I once said “I’m not good at coming up with recipes.”
Clearly, this came from a place of insecurity and inexperience. I had yet to start Minimalist Baker and was still fumbling around on another blog. And although I got better toward the end, I mostly just sucked.
But that’s OK. It’s hard starting out. In fact, you will probably struggle for a season too. But the important thing is to swallow that pill, get over it and move on. If you love your topic, the ideas will come.
I remember lamenting to John one day about how I would look around at all these other great blogs and feel so defeated. They had all the ideas and they were doing it better than I felt capable.
But instead of letting me sit and mope, he came up with another idea.
He suggested I sit down with a notebook and just see how many ideas I could come up with on my own.
What? OK, why didn’t I think of that?
Gone are the days that I can’t think of recipes. You know why? Because I live and breathe recipes.
I carefully savor bites of dishes at restaurants and try to figure out the ingredients. When I wake up, I check food blogs for daily inspiration. I read cookbooks like they’re magazines. I keep a notebook by my bed so I can write down ideas before I sputter out to sleep. And perhaps most important, I sit down with a notebook weekly – as someone smart once suggested – and just dream.
If you enjoy creating recipes, become immersed.
Challenge yourself to dream up ideas without outside influence.
This means sitting down with a notepad once a week, in the quiet, and just writing down as many ideas as you can.
The magic of developing stellar content isn’t just being inspired on a whim. Sure, sometimes that happens. However, most of my great ideas come from intentionally sitting down and trying to think of ideas.
I’m not saying that I sit down and just spill out great ideas. In fact, I think it works a bit more mysteriously. The weekly commitment to sit down and think about nothing but recipes is a quiet reminder to always be on alert for inspiration and possible recipe ideas.

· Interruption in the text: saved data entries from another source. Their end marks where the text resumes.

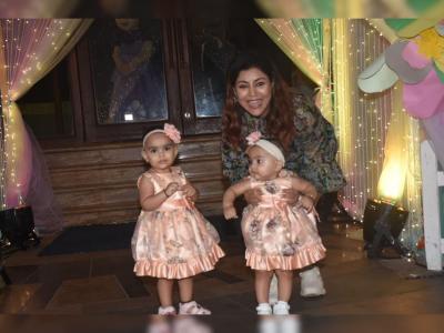 तसेच देबिना बॅनर्जीसुद्धा दोन्ही लेकींसह या पार्टीमध्ये आली होती. देबिना हिने दोन्ही मुलींना एकसारखीच फ्रॉक घातली होती. तिने पापाराझींनाही मनसोक्त पोझ दिल्या.
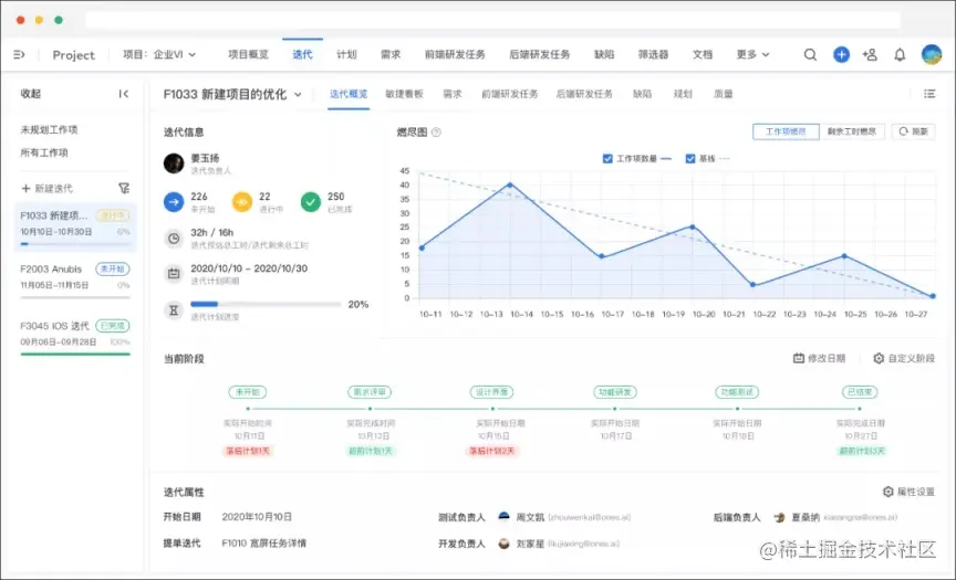 对照当前迭代的**「敏捷看板」和「燃尽图」等可视化视图,团队能够直观地理清迭代的关键时间节点以及信息**,并结合迭代中沉淀的日志、团队文档等,追溯迭代情况。
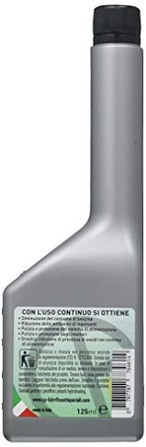 - uso: añadir 125 ML de producto (1 Botella) cada 40/50 litros de gasolina (aproximadamente 1 litro cada 300/400 litros de gasolina, Equivalente AL 0,2 – 0,3%). para una mejor mezcla con La Gasolina, SE recomienda de verter EL aditivo en el Depósito antes de realizar EL repostar. repetir EL tratamiento cada 1500 km para conservar Los beneficios. nota: puede SER necesario EL uso de un embudo para facilitar La inserción del aditivo en el Depósito de combustible.
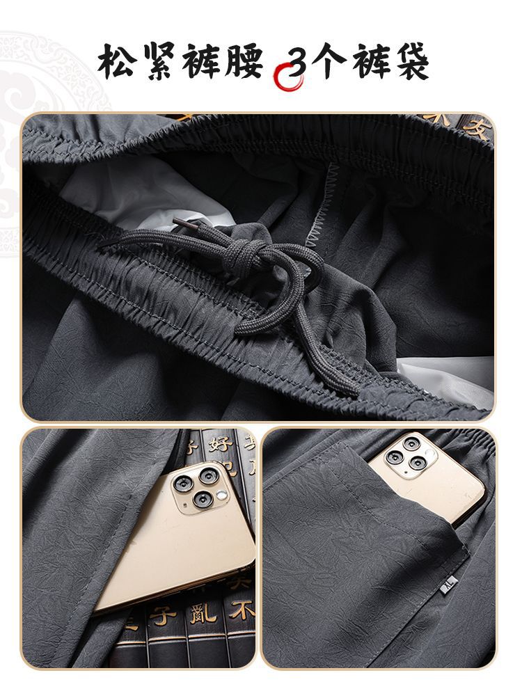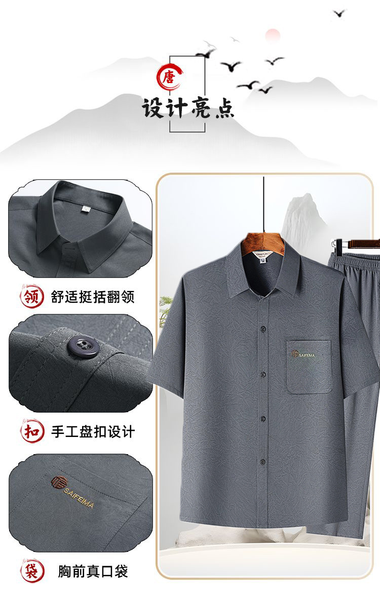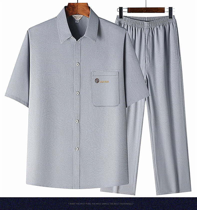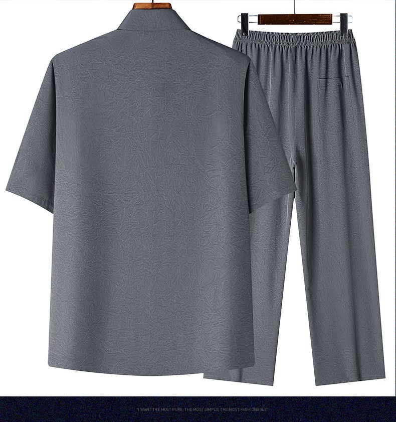 Летний тонкий мужской костюм из ледяного шелка, рубашка с короткими рукавами для среднего и пожилого возраста, мужская свободная рубашка, летний комплект из двух предметов для папы
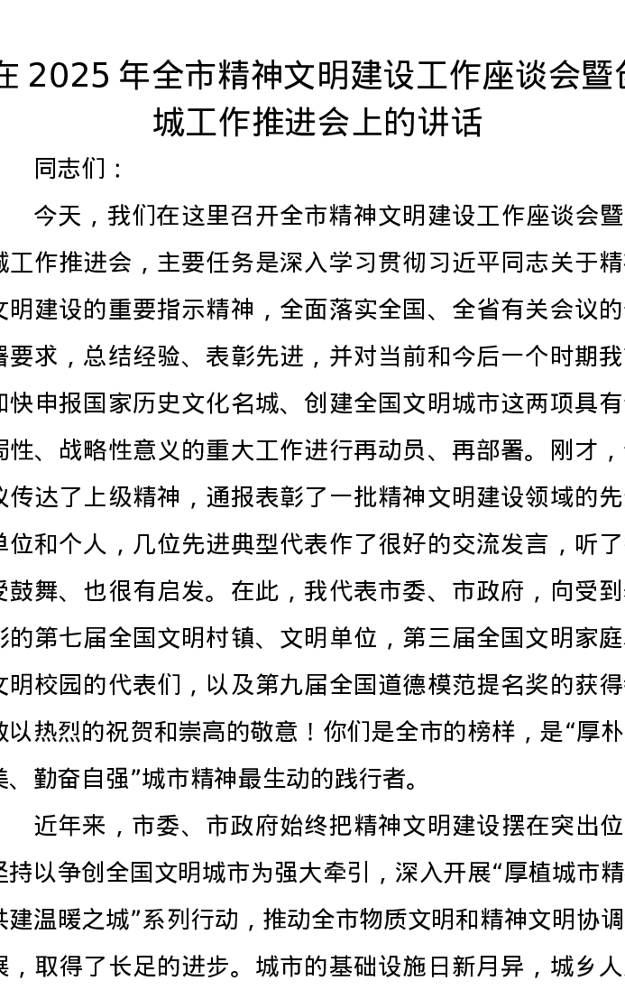 在2025年全市精神文明建设工作座谈会暨创城工作推进会上的讲话
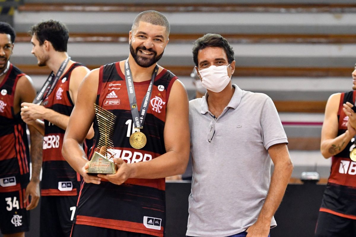 Rafael Hettsheimeir com o troféu de MVP pelo desempenho na edição de 2020. Foto: Bruno Lorenzo/LNB
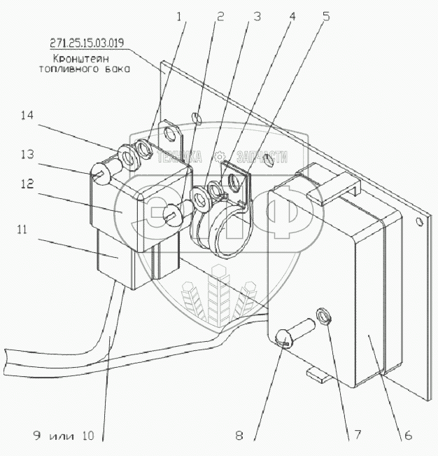 Каталог запасных частей к технике: Брянский Арсенал ГС-14.02 (250-22). Плата предохранителя
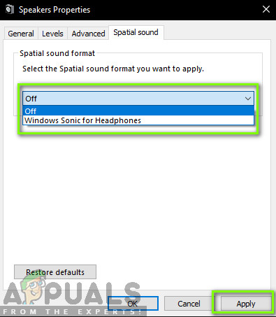 Disabling Audio Enhancements - Now, click on Spatial sound tab and turn off the sound. Press Apply to save changes and exit.

It’s like meditation for recipe creation.
Filter Your Ideas
Once you have your brainstorming sessions all planned out, you’re well on your way to dreaming up brilliant content. But, how do you actually know if that content is any good?
1. Create Something Amazing
Ask yourself “Is this truly stellar?” before you publish anything. Are there a million chocolate cake recipes out there and you’re just contributing one more? Is there some way to make it unique?
This will take time, practice and probably some fumbling before you truly know if your content is stellar. But be encouraged and let step 2 be a further guide…
2. The trick of time
Gauge your audience and know what they love. Over time as you publish content, you’ll be able to take the temperature, so to speak, of your readers and know what they love and what underwhelms them. This can be confusing as you can be completely wrong at times. For instance, sometimes I think a recipe will take off and no one takes a second glance at it. But other recipes that I thought would do just “OK” take off and become a viral, overnight sensations. Go figure.
This is a process and you’ll learn as you go, so don’t be discouraged if your audience is tough to gauge at first. You’ll know what type of content does best over time.
3. How do I even start coming up with ideas?
John has reminded me of this time and time again, and it’s probably the most valuable thing I’ve learned in the realm of content creation. At the end of the day, make things that you love and can’t wait to share with your readers. After all, if your blog becomes your career, you’ll be creating that type of content for a long time. It would be pretty miserable if you had to keep creating content that you didn’t love it, right? So let yourself be your first and last filter. Or at minimum, let the things you love be the place you come back to when you’re uninspired or feel you’ve lost your way.
Plan in Advance
I used to come up with recipes on the fly, and that’s great for some people. But now I plan at least a month in advance for three reasons.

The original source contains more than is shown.